I love my country when it is free. That's what it's about for me. When America is not just more free than anywhere else, but a beacon for freedom everywhere, then I love it deeply and well. When it--or when some of it--turns its back on freedom, when we forget that we all came here to make a better life and assume we are better just because we are destined to be so, when we decide that freedom is less important than revenge, yes, it is harder to love.


Jonathan Dresner - 5/14/2004

Mr. Jones,

You are out of line. Moreover, you are so clearly wrong as to suggest that you either can't read properly or don't care.


Grant W Jones - 5/14/2004

You loved America right after 9/11 because she was a victim. When Americans decided not to be victims, you returned to your usual antipathy and feelings of alienation towards the country and its people.


Ralph E. Luker - 5/14/2004

The implication of this is: that a cabal of underground Kotskoites should abduct Rush Limbaugh and subject him to an intense re-education process (not to say, torture), in hopes of his re-socialization as the prophet of love and peace in our time?

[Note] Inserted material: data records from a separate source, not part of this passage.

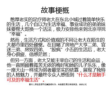 从老大的幸福寻找幸福 ——献给永盛家人 什么是幸福? 看过了吗? 剧情主旨 该剧旨在探讨当下人的幸福观,嬉笑怒骂,皆有深意,让观众在亦庄亦谐的家庭情感故事中审视现实社会的奇怪现状,反思急功近利的浮躁心态,用一个小人物的“无为之事”和“不言之教”诠释最朴实、最纯粹的幸福观。 故事梗概 憨厚老实的足疗师老大在东北小城过着简单快乐的生活,几个自以为生活幸福、事业成功的弟弟妹妹要帮大哥换一个活法,极力安排他来到北京寻找“幸福”。 然而,生活方式和价值观的不同让老大在陌生的大都市里四处碰壁。在目睹了房地产大亨二弟、官迷三弟、房奴四弟、“股疯”小五的生活后,老大身心俱疲、倍感茫然; 但另一方面,老大又能主宰自己的生活和命运,他一直照顾着孤苦无依的梅好和她的儿子乐乐,像一座大山一样成为弱者最坚实的依靠,展现了独特的人格魅力,并最终令众人感悟到“什么才是触手可及的幸福生活”。 老大的幸福 二弟傅吉安是傅家的主心骨,是傅氏家族最成功的人,但实际上却是个内心十分脆弱、打肿脸充胖子的人,过着表面光鲜的上层生活。因早年遭遇前妻背叛而对感情心灰意冷,视金钱为最真实的东西。他与出身模特的明月保持着有名无实的契约婚姻关系,虚荣与张扬为其最大秉性,所有的事都是硬撑着,有真情却装无情,后因资金链断裂而破产,在明月和老大的帮助下,走出了困境,回归了家庭;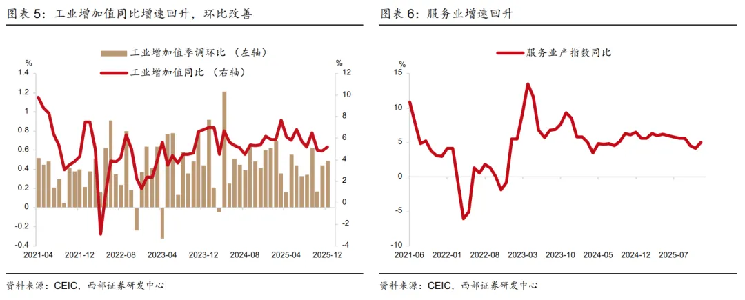 12月工业和服务业生产有所企稳。12月,工业增加值同比增长5.2%%,较11月同比增速4.8%回升;季调后环比增长0.49%,也比11月0.44%加快。12月,服务业生产指数同比增长5%,较11月同比增速4.2%回升。4季度整体看,工业增加值和服务业生产指数同比增速都比3季度放缓。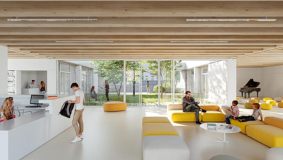 Quatrième pilier : la nature et la qualité du projet architectural. Le bâtiment proposera environ 860 m² de plain-pied, avec une entrée à l’Est, un jardin intérieur à l’Ouest et un autre au Nord. Ces deux jardins seront ouverts au public dès que le temps le permettra. On entrera dans le site via un hall accueillant et le bâtiment sera exemplaire en matière de développement durable. Une architecture moderne, bienveillante participe aussi du succès d’un tel équipement.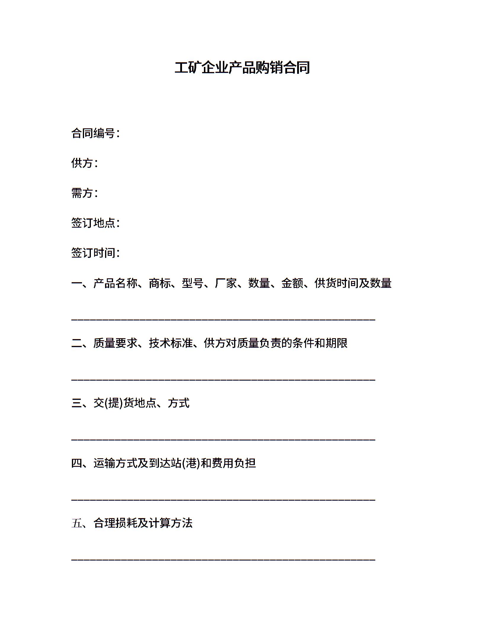 工矿企业产品购销合同
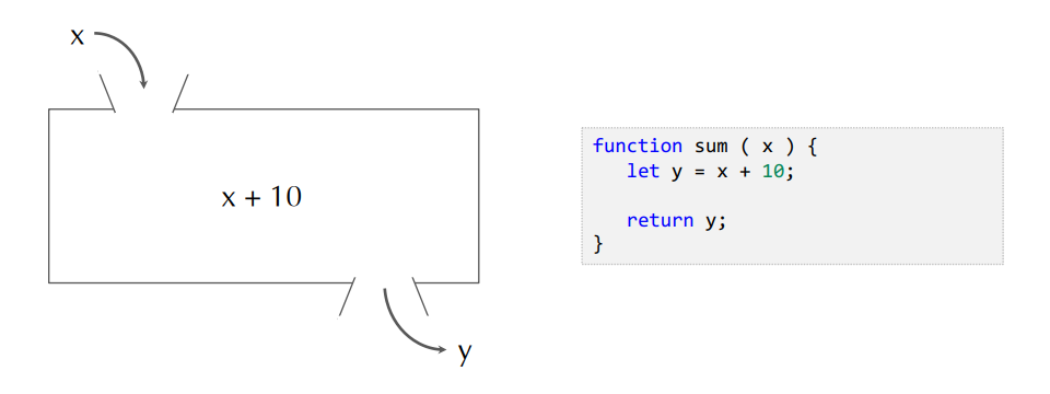 함수는 입력값(x)를 받고 생략도 가능함. 그러고 x+10 진행하고 결과값(y)을 받는다.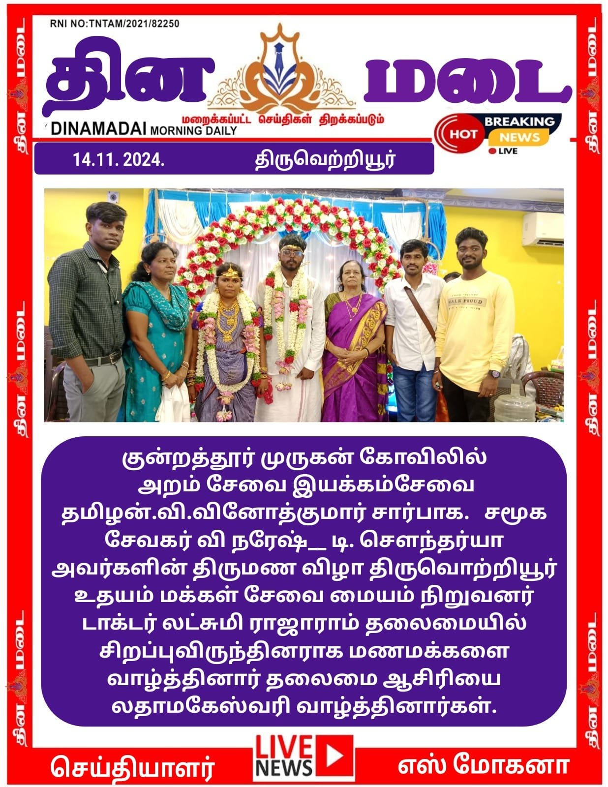 Categories News Attended marriage function in Kunrathur Murugan Kovil and blessed the couples. By admin November 14, 2024 Attended marriage function in Kunrathur Murugan Kovil and blessed the couples. Share this:FacebookXLike this:Like Loading... Related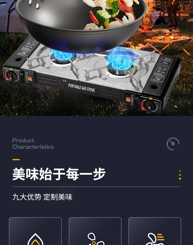 새로운 피크닉 캠핑 방풍 더블 스토브 야외 스토브 휴대용 야외 카드 스토브 냄비 바베큐 더블 헤드 가스

David Lion Salmanson - 5/14/2004

In my classroom, I used my smartboard to look at pictures of Jews in pre-Holocaust Germany. The pictures were of things like to Hasidim with their side curls tied together, a man having his side curls burned off with a lighter, a man being kicked by laughing officers. In each picture, the Nazis had that same weird smile that the American prison guards did. I put up the images side by side: no doubt about it, the same sick smile that says: I am humiliating you because you are less than human, I know it and now you know it. But in the German pictures there are bystanders that are walking by, that are not smiling, but they are not participating. I imagine their inner torment and revulsion. But they did nothing. I don't know what to do, but we cannot do nothing. Court-martials are a start, but there needs to be a wholesale culture and strategy change in the way this war is being conducted. Not only does Rumsfeld need to resign for allowing this, so does Ashcroft, who enabled it by providing legal justifications for such treatment. And obviously a change in leadership come November would help too. America is supposed to be a shining beacon of hope unto the world not an advertisement for the pitfalls of Western Civilization.


Adam Kotsko - 5/14/2004

But in the introduction to Bonhoeffer's Letters and Papers from Prison, he includes a discussion of the fool -- an unpersuadable person, more dangerous than a simply evil person. My head rang with parallels to the populist right in America, and this torture thing has made that all the more clear. For Bonhoeffer, the only cure for the fool is conversion -- which is always miraculous and in some sense violent in B's theology.


Ralph E. Luker - 5/14/2004

Tim, Thanks very much for this. As so often, you articulate much better than I might have my own despair about our current situation. After 9/11, I despaired of passing on to my children a more peaceful and more just world than the one I inherited. After the invasion of Iraq, I despair of hope that even a change of regime in the United States will do much to change the course of things.